Но если нельзя и не нужно говорить о самой музыке или пытаться передать словами то несказанное, о котором только она одна и может поведать, то это вовсе не значит, что самый «язык» музыки не имеет определимых и в сущности давно уже определенных элементов. Если бы элементы эти не были определены, то мы не имели бы великой исторической музыки, как искусства.

Да, в начале была песня. Запевший эту песню человек в простоте своей, конечно, не задумался над выбором элементов, он не придумал их, несказанное само сказалось. Но песня все же сложилась, то есть согласовалась из отдельных звуков, ставших уже ее элементами.

Но запевший о несказанном человек был не один. Его неудержимо влекло поделиться своей песней с другими. Он вовсе и не считал, не хотел называть эту песню только своей. Он по человечности своей предполагал несказанное и в других душах и пытался согласовать отражение несказанного в этих душах с его отражением в своей. Он стремился н е к самому множеству отражений и н е к разнообразию их, а к согласованию этого множества и разнообразия в одно целое, он стремился только к правде несказанного. И поскольку он не нарушал стремления к ней, постольку он к ней и приближался.

На пути этого общего стремления, этого окружения правды несказанного, образовался музыкальный «язык». Элементы его не нуждаются в оправдании постольку, поскольку они (каждый в отдельности и в своем взаимоотношении подчиненные духу человеческому) обнаруживают такую же централизованность и согласованность в своем стремление к единству и простоте.

Эти элементы нуждаются нисколько не больше в оправдании, чем элементы человеческой речи (то есть слова). Они нисколько не более условны.

Всякая условность предполагает до себя какое-то слово. Если бы условность человеческой речи не предполагала до ее образования, до ее согласования этого начального слова – разума (смысла), то мы по всей вероятности никогда бы не сговорились до общих слов, общих смыслов.

Такой же разум-смысл заложен и в музыкальной речи. Разделение этой речи на отдельные слова, которые можно было бы собрать в словарь и перевести на все существующие языки, конечно, невозможно. Музыка запевает о несказанном. Для несказанного же нужны не слова, а самые смыслы.

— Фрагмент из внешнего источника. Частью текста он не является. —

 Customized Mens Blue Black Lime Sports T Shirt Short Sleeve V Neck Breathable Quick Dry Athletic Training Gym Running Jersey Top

Смыслы эти заключены в согласованной сложности музыкальных звуков. Иначе говоря: корнями музыки никоим образом не являются разрозненные атомы звуков, существующих и в природе, и так же как не буквы породили слова речи, а из слов образовался буквенный алфавит, так и из музыкальных смыслов – звуковой алфавит.

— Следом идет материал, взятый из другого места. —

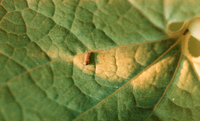 In effetti, appena usciti dall’uovo i bruchi sono chiari, solo il capo tende ad essere più scuro (come si può vedere, non molto bene da questa prima foto che compie oggi esattamente 30 anni avendola scattata il 28 aprile del 1987!). Il bruco in questione era lungo 1,5 mm.
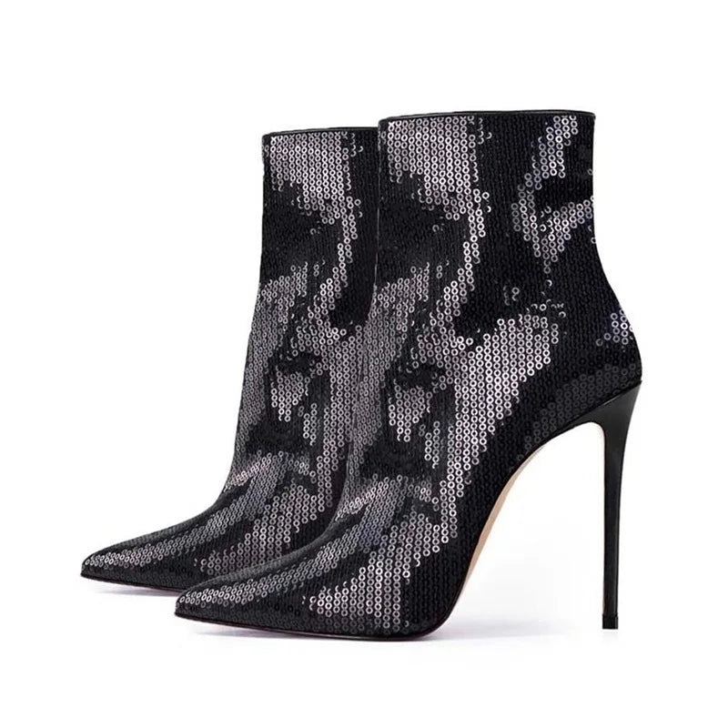 Women's Sexy Paillette Ankle Boots Pointed Toe Stiletto High Heels Slip-On Black Sequin Fashion Dress Shoes
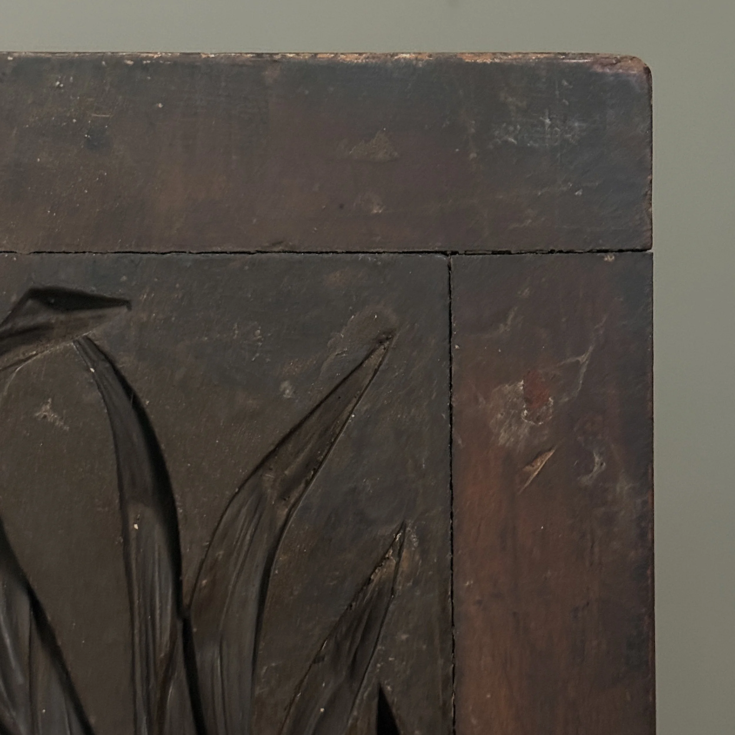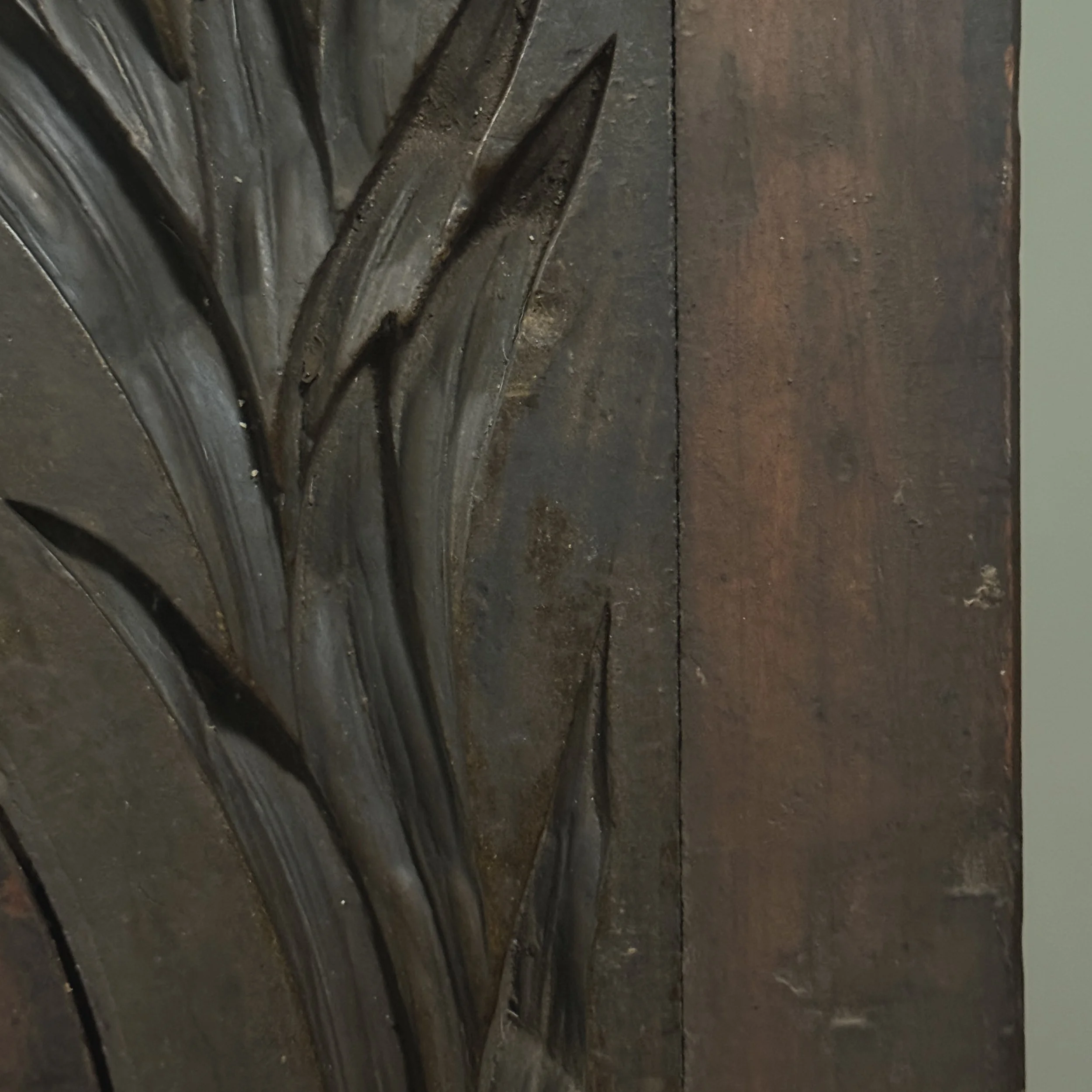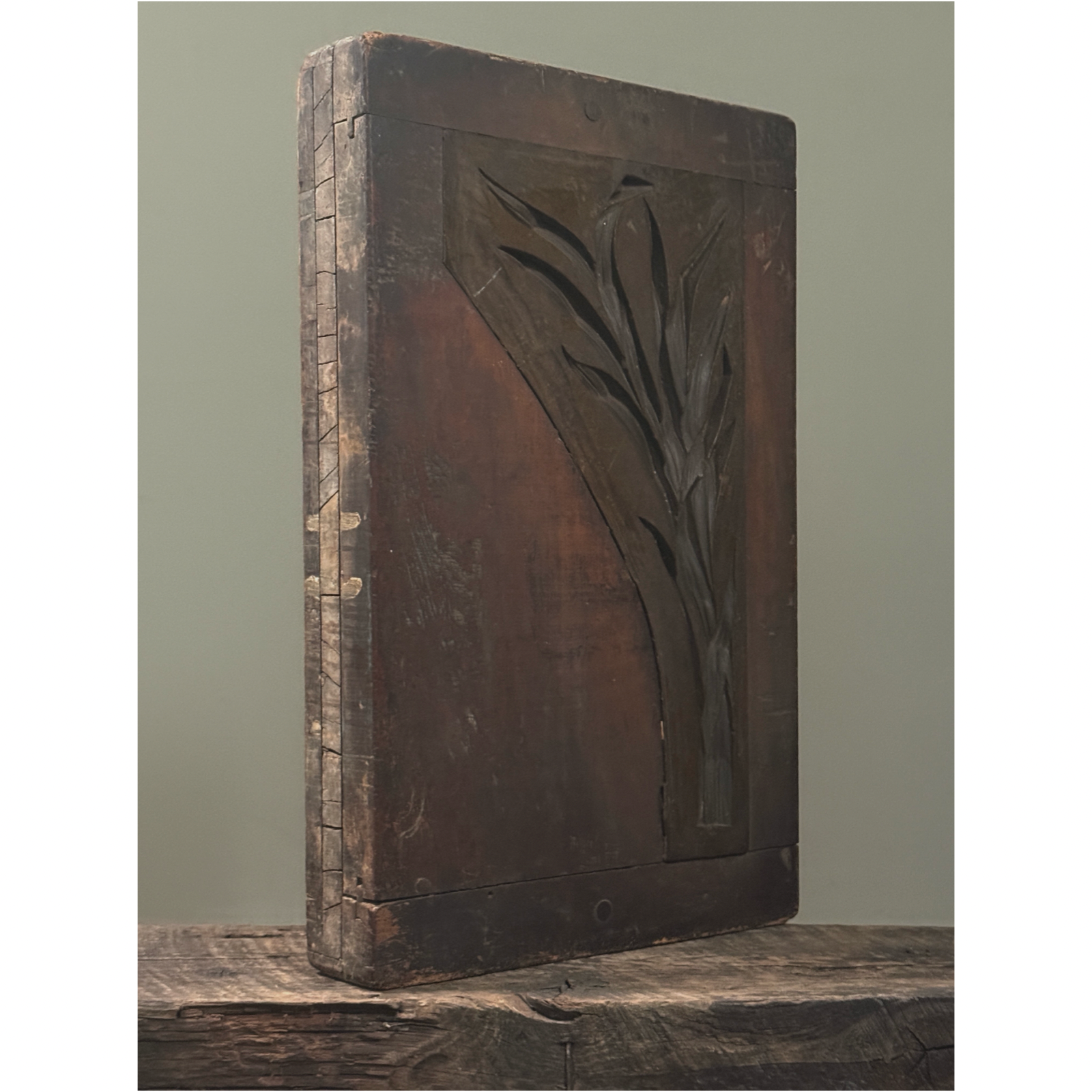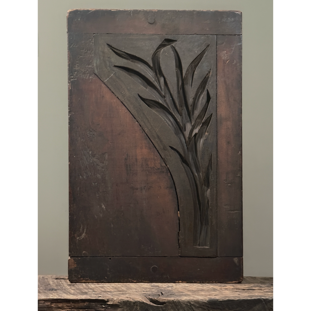 This rare 19th-century neoclassical mold features a stylized botanical motif, possibly representing a blade of grass or plant stalk. The heavy form is constructed from substantial, patinated wooden sections, with a metal plate inset on the front surface—suggesting it may have been used in the production of either dimensional sculpture or bas-relief architectural ornamentation.

Смыслы в основах и корнях музыки ценны и доступны лишь тому, кто не только верит в происхождение их от начального разума – смысла музыки, но кто никогда не сомневался и в неразрывной связи с этими «корнями» всего музыкального искусства, существовавшего до него. В противном же случае музыка будет для него только чуждой игрой, а язык ее навязанной «условностью».

Именно связь человека с этой законной никем не навязанной «условностью» музыкальных смыслов определяет то, что может быть названо музыкальностью. Только тому, кто дорожит этой связью, дается владение музыкальным «языком», и только путем священного охранения этой связи могло создаться и будет живо музыкальное искусство.

Созерцая музыку, существовавшую до нас, каждый музыкант не мог не воспринимать ее как единый музыкальный язык. Несказанное содержание становилось ясным, очевидным благодаря отчетливой совершенной форме сказанного.

Все бесконечное разнообразие и множество индивидуальных содержаний музыкального искусства и радовало нас, да и существовать могло только благодаря связи с тем несказанным содержанием, с той начальной песней, которая была источником музыки. Точно также радовало нас множество и разнообразие форм музыки: оно обусловливалось не новизной основных смыслов (заменяющих в музыкальном языке слова-понятия), а беспредельной способностью их обновления через согласование их.

Таким образом, великим праздником нашего искусства была весна – вечное обновление содержания несказанного и формы сказанного.

Каждый человек радовался не чужому-новому, а неожиданной встрече с родным-знакомым. Каждый человек радовался по мере данной ему способности приближения к единству. Никто не посягал на полное достижение его. Каждый понимал, что такое посягательство способно скорее отдалить его от желанной цели, чем приблизить к ней.

По пути этого приближения шло и творчество и восприятие его. Никто не боялся обнаружить своего расстояния от цели. Никто не скрывал его. Если же кто-нибудь ошибался, то есть уклонялся от цели, то другой указывал ему на его ошибку. Если же ошибался указавший, то самое указание на возможность ошибок было назидательным напоминанием все о той же цели. Музыка с ее автономным содержанием несказанного допускала к себе лишь тех, кто, входя в ее храм, отрясал с ног своих прах житейских элементов, смыслов и содержаний.

Так же как элементами ее являлись уже смыслы (своего рода «понятия»), а не разрозненные, отдельные звуки (природы), так и гением музыки почитался не тот, кто обладал способностью лишь слышать и понимать разрозненные звуки музыкального алфавита или даже разрозненные смыслы музыки, но только тот, кто согласовывал все смыслы музыки в единый смысл.

И потому в восприятии слушателей отсутствовало любопытство к частностям и чувствовалось внимание к целому.

«Почему смыслы?» «Почему язык?» – Правда, многие определяют музыку, как «язык чувств». Но почему только чувств, а не мыслей тоже? Ведь есть же такие чувства, которые совсем не нуждаются в музыке, так как с большой легкостью поддаются не только обыкновенным словам, но даже и немедленному осуществлению в действии. И в то же время бывают такие мысли пламенные, но неуловимые, которые заставляют замолчать даже великого поэта – «Silentium! – мысль изреченная есть ложь!..» (Тютчев).